Their countersuit accused Haraguchi of “online rants” on Instagram and change.org, falsely accusing Wegmans and the other companies of fraud, trademark infringement and unfair competition. The countersuit also presented several details about the discussions surrounding Osakana’s sale, including that it was Haraguchi who walked away from the deal to sell, and not Red Shell Sushi.

A spokeswoman for Wegmans, which is not a plaintiff in the countersuit, said by email that the company was “confident” that Haraguchi’s original lawsuit was “without merit.” She said that as of 2022, Wegmans had worked with Uoriki, a high-end fishmonger and retailer in Tokyo that is a defendant in Haraguchi’s lawsuit and a plaintiff in the countersuit. Wegmans finalized the supply chain and training plans for Sakanaya last June. she said.


Weather

Expect a sunny day with temperatures reaching the low 60s. At night, temperatures will drop to the mid 40s with partly cloudy skies.

ALTERNATE PARKING

In effect until March 24 (Purim).


A whirlwind of statements and legal maneuvers around several Manhattan courts Monday reflected Donald Trump’s ongoing entanglements.

  • Around lunchtime it emerged that his lawyers had tried to postpone his upcoming criminal trial, in which he is accused of covering up a possible sex scandal and a payment to porn actress Stormy Daniels.

Carroll’s attorney, Roberta Kaplan, raised the possibility of a new trial after lashing out at Carroll over the weekend and Monday, using the same derogatory language that led to a defamation verdict and $83.3 million judgment in January dollars in the first case. Caroll submitted.

Trump complained Saturday about the bond he had to post to prevent Carroll from collecting the $83.3 million as he appealed the verdict, telling the crowd at a rally in Rome, Georgia, that Carroll was “not a credible person ‘ used to be.

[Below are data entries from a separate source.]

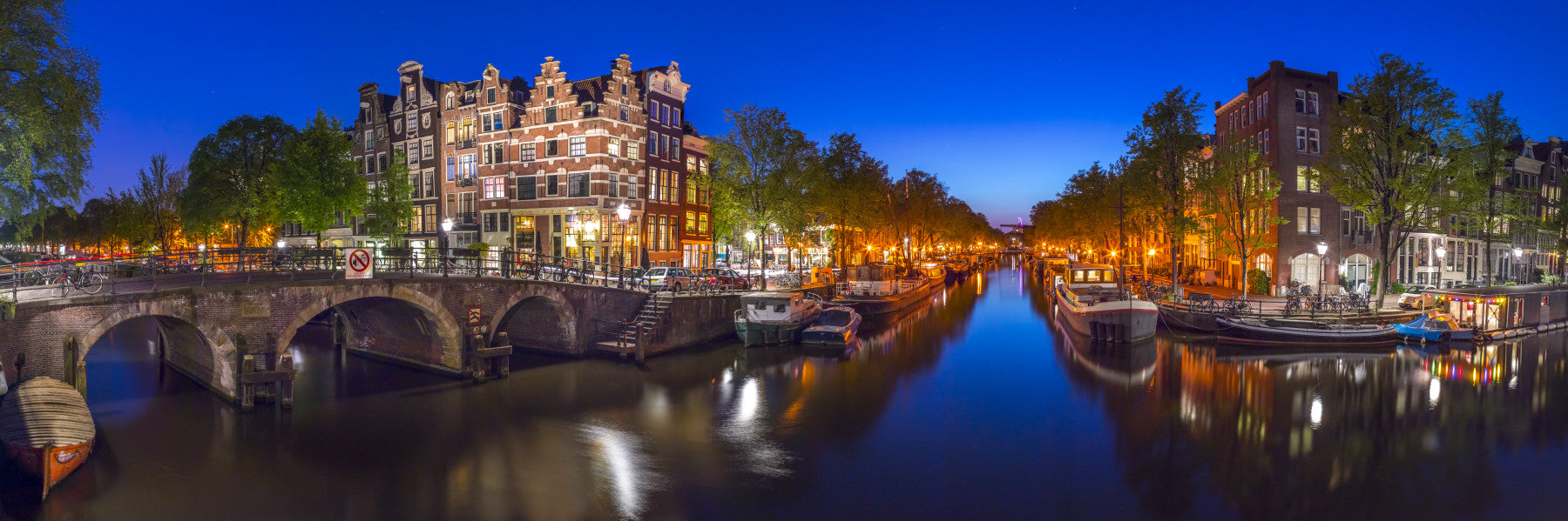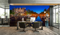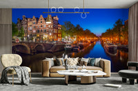 Evening view of Amsterdam city and canals. Bring the serene beauty of Amsterdam's canals at night to your home. This detailed image showcases the city's historic architecture, charming bridges, and tranquil waterways illuminated under a deep blue sky. Warm light pours from the windows, creating a cozy atmosphere. Use this wallpaper for walls to introduce a touch of European elegance to living rooms, bedrooms, or even a home office. The rich colors and reflections add depth and visual interest, perfectly complementing modern interiors.
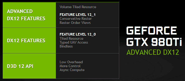 Самый важный вопрос — когда мы увидим все это великолепие в играх? По данным компании Microsoft, около 100 игровых разработчиков уже занимаются разработкой 3D-приложений, использующих возможности новой версии их графического API, и мы уже видели несколько соответствующих демонстраций на CryENGINE, Unity и Unreal Engine, запущенных на ПК с видеокартами Geforce на различных мероприятиях. Главное, что архитектура Maxwell от Nvidia обладает полноценной поддержкой всех возможностей текущей версии DirectX 12 уровня Feature Level 12.1 — самого совершенного на данный момент.
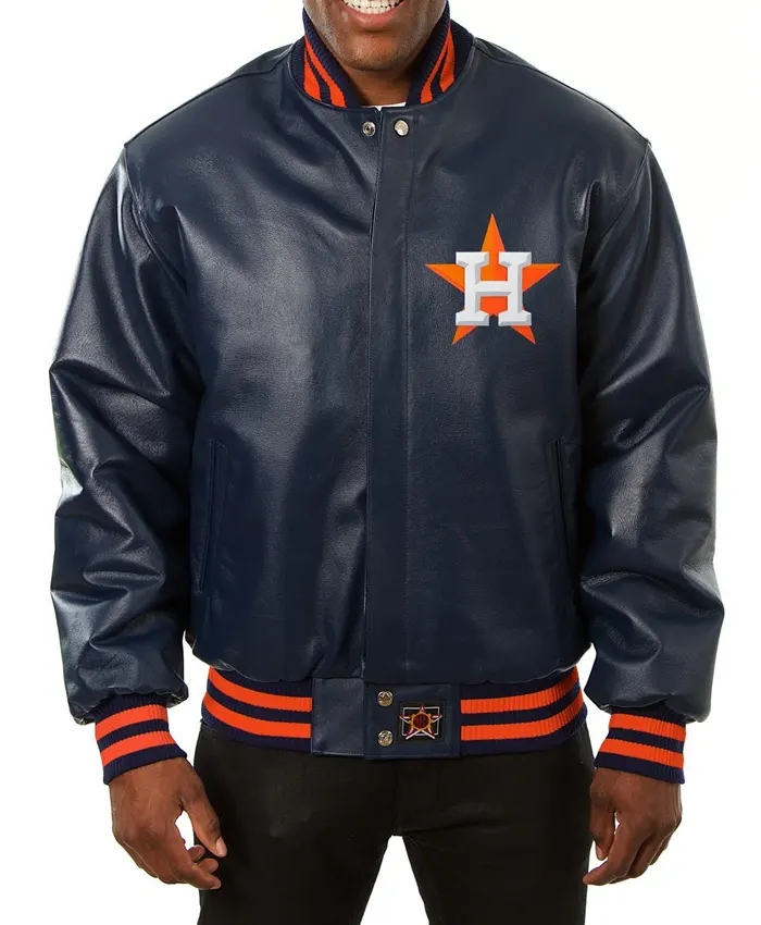 Houston Astros Navy Blue Leather Bomber Jacket For Sale
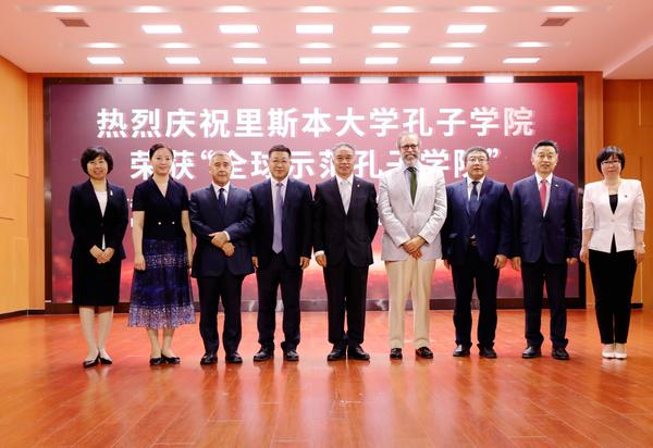 6月13日下午,葡萄牙里斯本大学孔子学院续签合作协议暨“全球示范孔子学院”授牌仪式通过线上线下相结合的形式隆重举行。葡萄牙驻华大使保罗·纳西门托,中国驻葡萄牙大使赵本堂,中国国际中文教育基金会副理事长、秘书长赵灵山,里斯本大学校长路易斯·费雷拉,天津市人民政府外事办公室副主任、一级巡视员赵剑岭,天津市委教育工委副书记刘怡蔓,开云手机平台_开云(中国)党委书记周红蕾、校长陈法春在会上分别致辞。开云手机平台_开云(中国)副校长李迎迎、相关部门负责人、海外孔子学院及专业师生代表参会。会议由周红蕾主持。
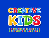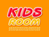 Znak wektorowy Kids Studio z dekoracyjnym motylem. Odręcznie napisany jasny Font. Kolorowe litery i liczby alfabetu

Then on Monday on CNBC, he derisively referred to Carroll as “Ms. Bergdorf Goodman” — a reference to the department store where Carroll said he attacked her, an encounter that was discussed in a related case last year. The jury in that case ordered him to pay her $5.5 million.

Trump said on CNBC that the decisions against him were “ridiculous.” “I was indicted — I was charged with a false accusation and had to post $91 million bail on a false accusation,” said Trump, who was in fact not criminally charged in the case. The $91 million was a reference to the $83.3 million judgment bond, plus interest.


METROPOLITAN diary

Dear Diary:

I jumped into a cab on Park Avenue South on a dreary, gray Thursday in the 1930s. The driver was friendly and we started talking about the lack of snow in New York City.

Somehow the conversation ended up in an old episode of ‘Twilight Zone’. Realizing that we were the same age, the taxi driver asked if I knew who Gigantor was.

Did I know who Gigantor was?

“Gigantor, Gigantor, Gigaaaantooor, Gigantor, the space age robot,” I sang. “He’s at your command.”

As we walked up Park Avenue, we broke into another: “Come and listen to the story about a man named Jed, a poor mountain climber who could barely feed his family…”

We turned left onto 57th Street and shifted gears again.

“Meet George Jetson,” we sang, “his son, Elroy; daughter Judy; Jane, his wife.’